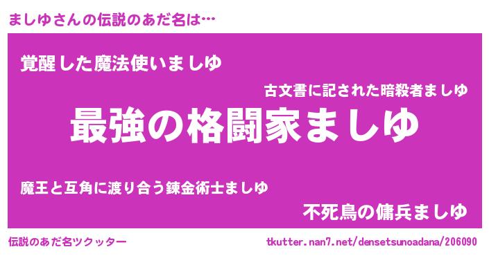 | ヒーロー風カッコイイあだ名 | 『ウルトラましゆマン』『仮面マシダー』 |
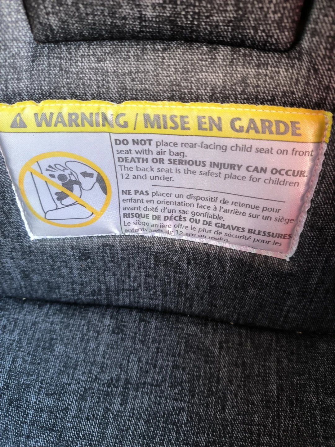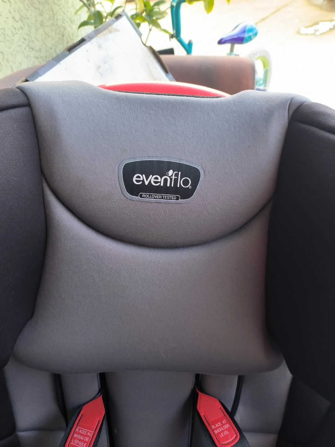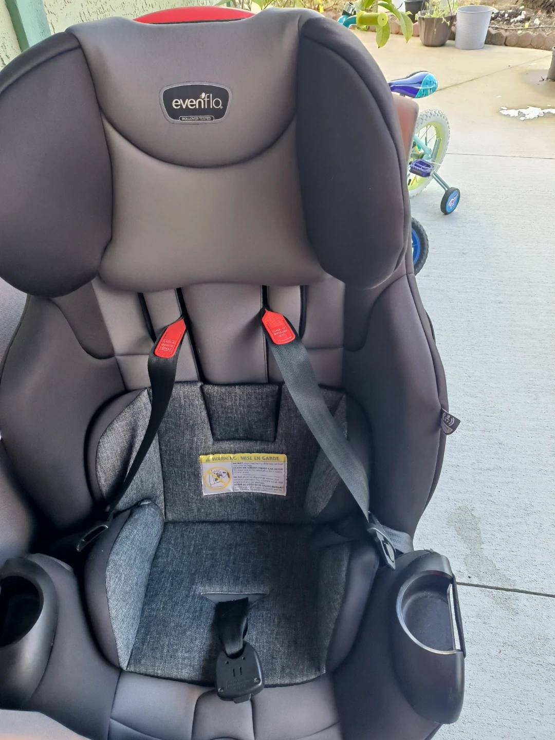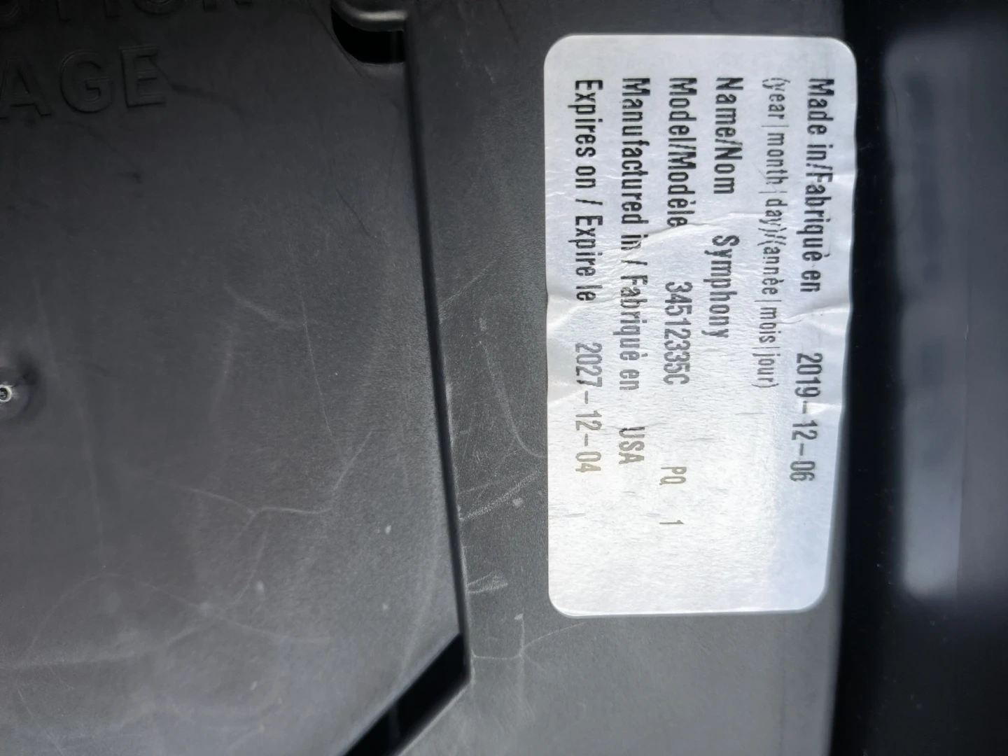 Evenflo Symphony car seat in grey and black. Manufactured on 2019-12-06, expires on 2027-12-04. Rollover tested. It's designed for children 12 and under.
────
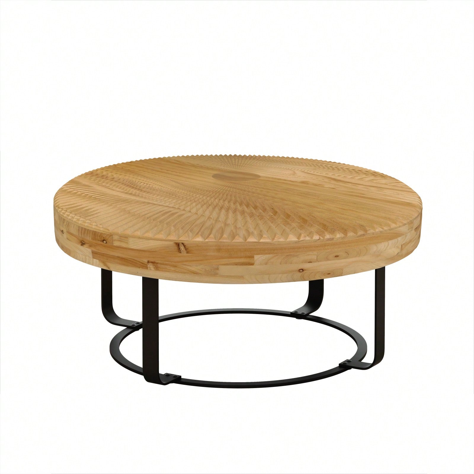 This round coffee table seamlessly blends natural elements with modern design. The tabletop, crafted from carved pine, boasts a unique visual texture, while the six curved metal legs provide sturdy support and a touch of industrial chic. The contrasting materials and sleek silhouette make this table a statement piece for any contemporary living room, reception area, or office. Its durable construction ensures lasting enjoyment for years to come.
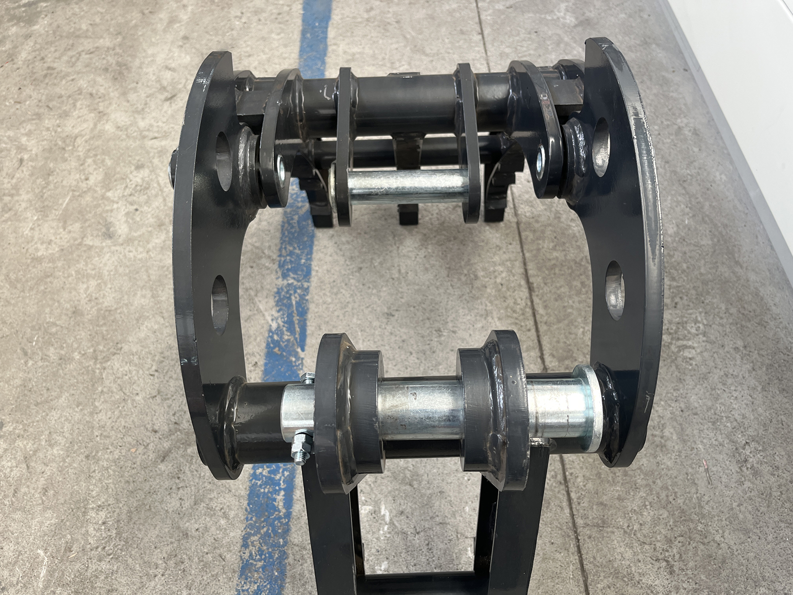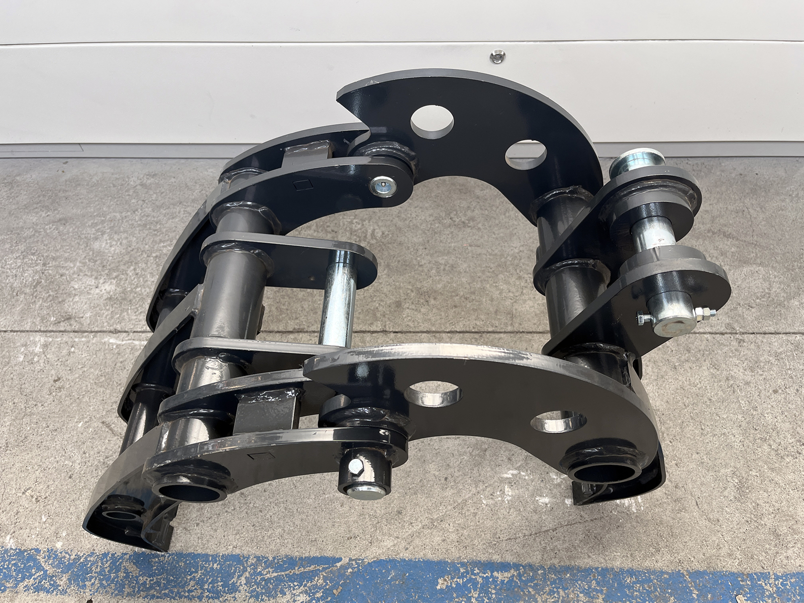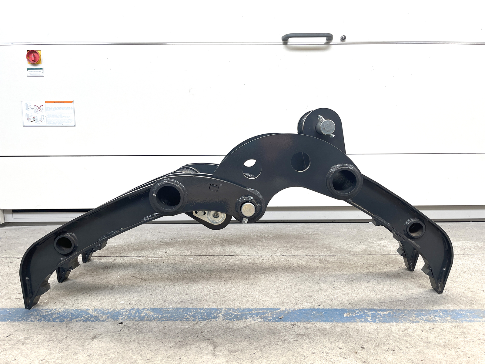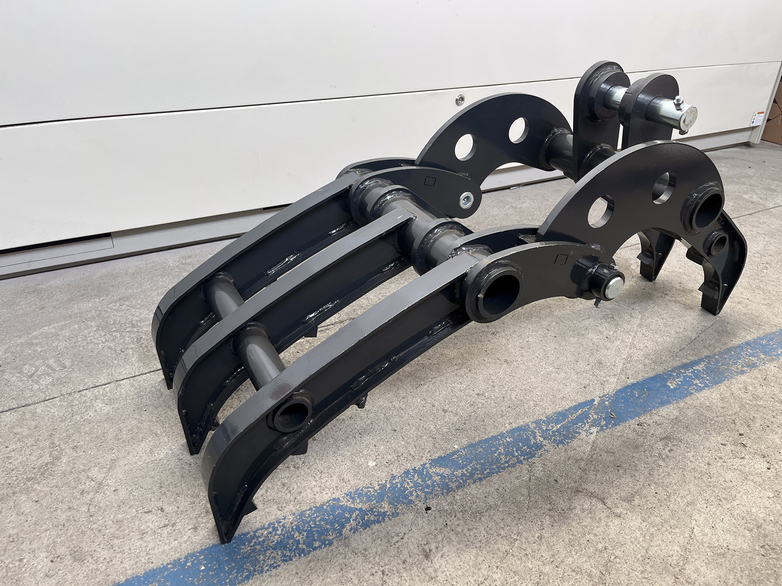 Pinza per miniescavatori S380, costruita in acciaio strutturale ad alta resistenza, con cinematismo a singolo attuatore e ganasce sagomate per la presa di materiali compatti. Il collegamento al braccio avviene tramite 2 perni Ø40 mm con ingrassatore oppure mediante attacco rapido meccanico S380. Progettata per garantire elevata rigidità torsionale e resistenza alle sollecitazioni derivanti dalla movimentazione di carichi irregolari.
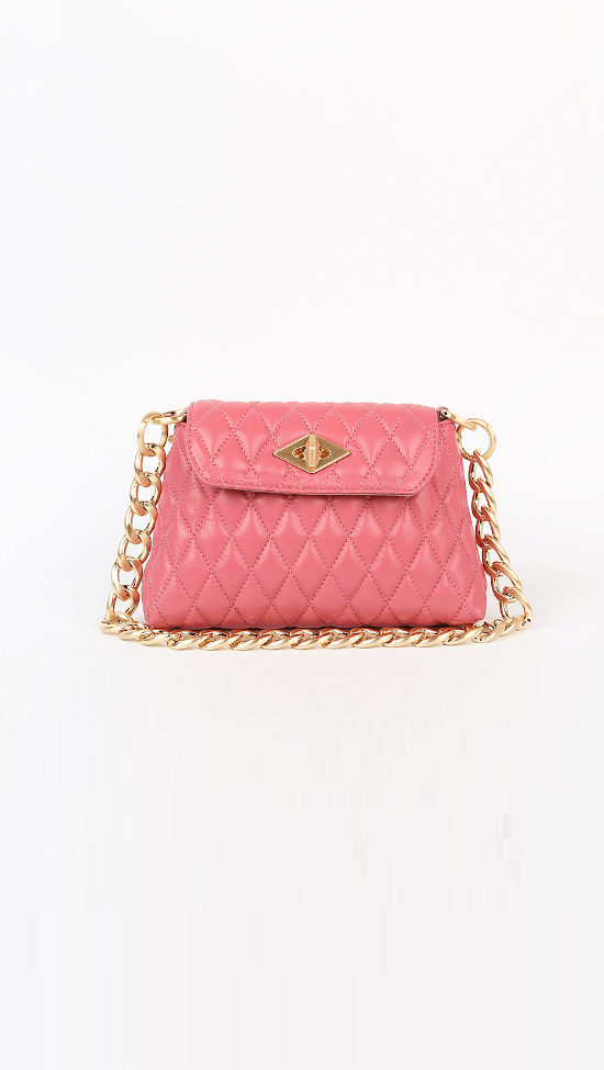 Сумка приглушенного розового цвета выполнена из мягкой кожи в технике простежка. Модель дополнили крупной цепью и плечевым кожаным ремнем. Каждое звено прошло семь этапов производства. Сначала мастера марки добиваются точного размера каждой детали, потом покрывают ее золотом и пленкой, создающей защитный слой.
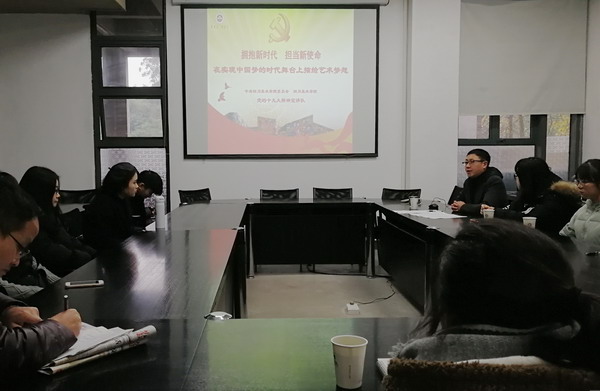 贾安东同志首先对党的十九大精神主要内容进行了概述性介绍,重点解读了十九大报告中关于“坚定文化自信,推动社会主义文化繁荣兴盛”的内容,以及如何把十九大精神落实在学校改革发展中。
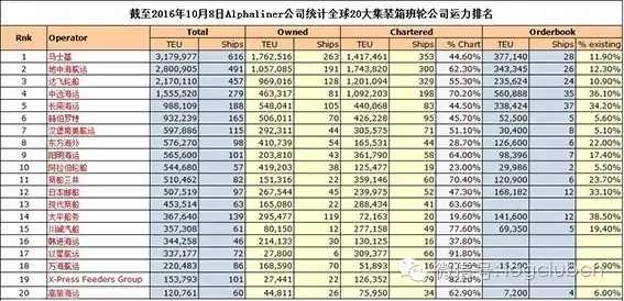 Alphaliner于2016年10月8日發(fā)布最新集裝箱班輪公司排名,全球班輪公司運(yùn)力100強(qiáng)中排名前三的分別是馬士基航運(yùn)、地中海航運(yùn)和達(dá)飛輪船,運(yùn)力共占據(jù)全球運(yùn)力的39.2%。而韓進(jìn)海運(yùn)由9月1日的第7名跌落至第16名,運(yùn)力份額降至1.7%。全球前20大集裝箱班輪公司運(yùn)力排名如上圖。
────
— BRIEF —
In the listing above, find the line with "ヒーロー風カッコイイあだ名 | 『ウルトラましゆマン』『仮面マシダー』 |" and the line with "Evenflo Symphony car". Copy exactly those lines and all between them, minus the images.

— ANSWER TO THE PROBLEM —
 | ヒーロー風カッコイイあだ名 | 『ウルトラましゆマン』『仮面マシダー』 |
 Evenflo Symphony car seat in grey and black. Manufactured on 2019-12-06, expires on 2027-12-04. Rollover tested. It's designed for children 12 and under.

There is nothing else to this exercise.